_Problem statement_
Copy only those lines which run from the line containing "The jumper comes" to the end of the entries below, both inclusive, exactly as written and with no pictures.

[Collected data entries]
────────
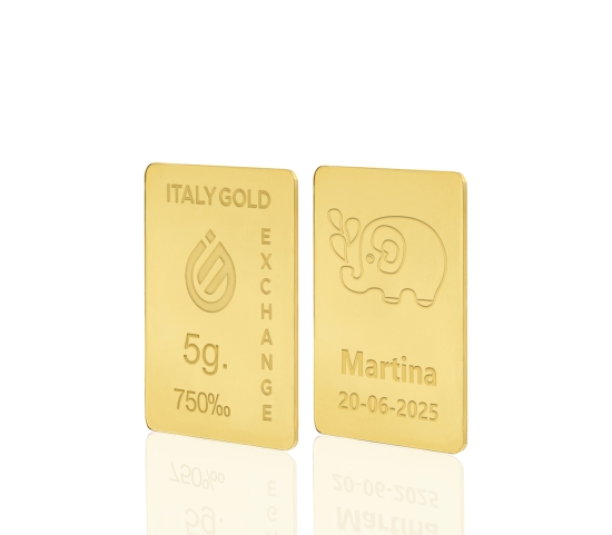 Descriere: Lingou de Aur cadou pentru Naștere 5 g. 18 k (titlu 750) certificat „IGE GOLD S.p.A.” cu titlu și greutate garantate gravate pe partea anterioară a lingoului. Fiecare piesă este lucrată cu freze cu control numeric și laser pentru o gravură perfectă și de lungă durată. Lingoul este finisat și lustruit manual de artizani aurari. Această caracteristică conferă unicitate produsului. În cazul personalizării, aceasta este afișată pe partea posterioară a lingoului. Veți primi lingoul într-un pachet cu certificat de calitate și spațiu pentru o dedicație scrisă de mână. Un blister de afișare pe care să expuneți lingoul poate fi achiziționat separat. Certificarea RJC (Responsible Jewellery Council) garantează utilizarea metalului provenit din lanțul etic de aprovizionare cu Aur.
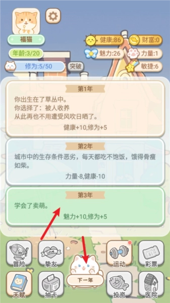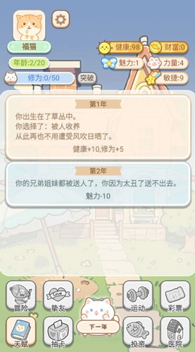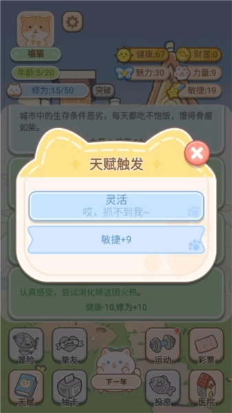 2、天赋与随机事件:在游戏里,玩家得给猫咪挑选天赋,这些天赋会对猫咪的成长和生存能力产生影响。此外,游戏中还设计了多样的随机事件,像天气转变、疾病来袭等,玩家需要灵活处理这些事件,助力猫咪健康成长。
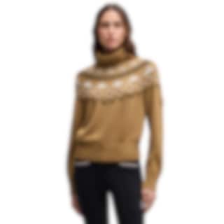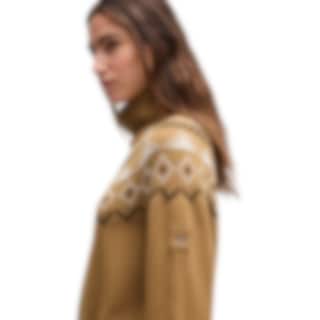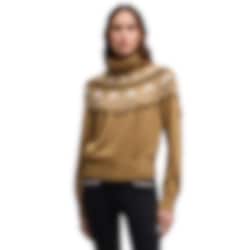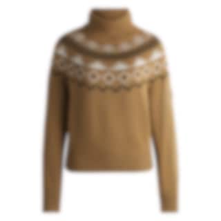 The jumper comes in a classic camel shade and is decorated with a Norwegian-inspired pattern that adds a timeless and stylish touch. With its ribbed turtleneck, cuffs, and hem, the garment ensures a good fit and extra comfort.
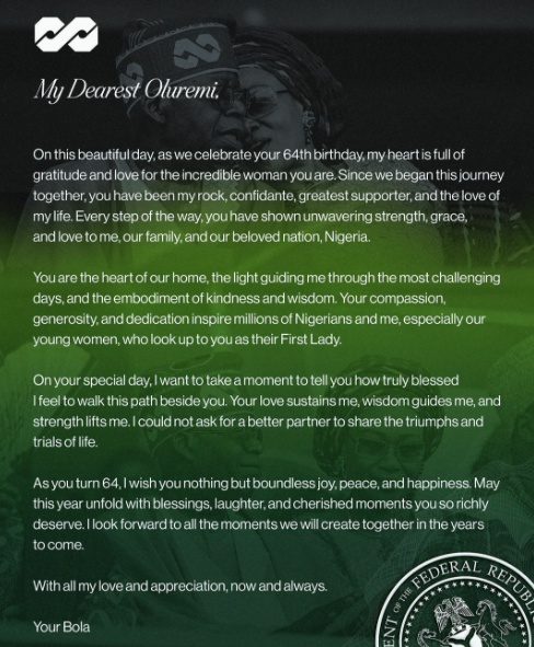 President Bola Ahmed Tinubu sent a sweet message to his wife, Remi, on her birthday.
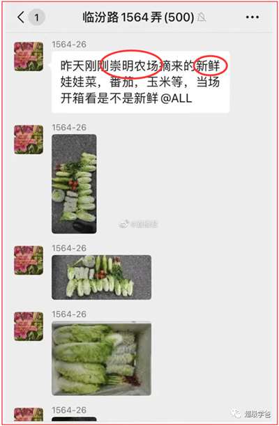 事情是这样的。4月24日,上海静安区彭浦新村街道的某小区群,有一名自称人民教师的群友,在小区群里兜售物资,说是崇明新采摘的蔬菜。
────────
_Solution to this task_
 The jumper comes in a classic camel shade and is decorated with a Norwegian-inspired pattern that adds a timeless and stylish touch. With its ribbed turtleneck, cuffs, and hem, the garment ensures a good fit and extra comfort.
 President Bola Ahmed Tinubu sent a sweet message to his wife, Remi, on her birthday.
 事情是这样的。4月24日,上海静安区彭浦新村街道的某小区群,有一名自称人民教师的群友,在小区群里兜售物资,说是崇明新采摘的蔬菜。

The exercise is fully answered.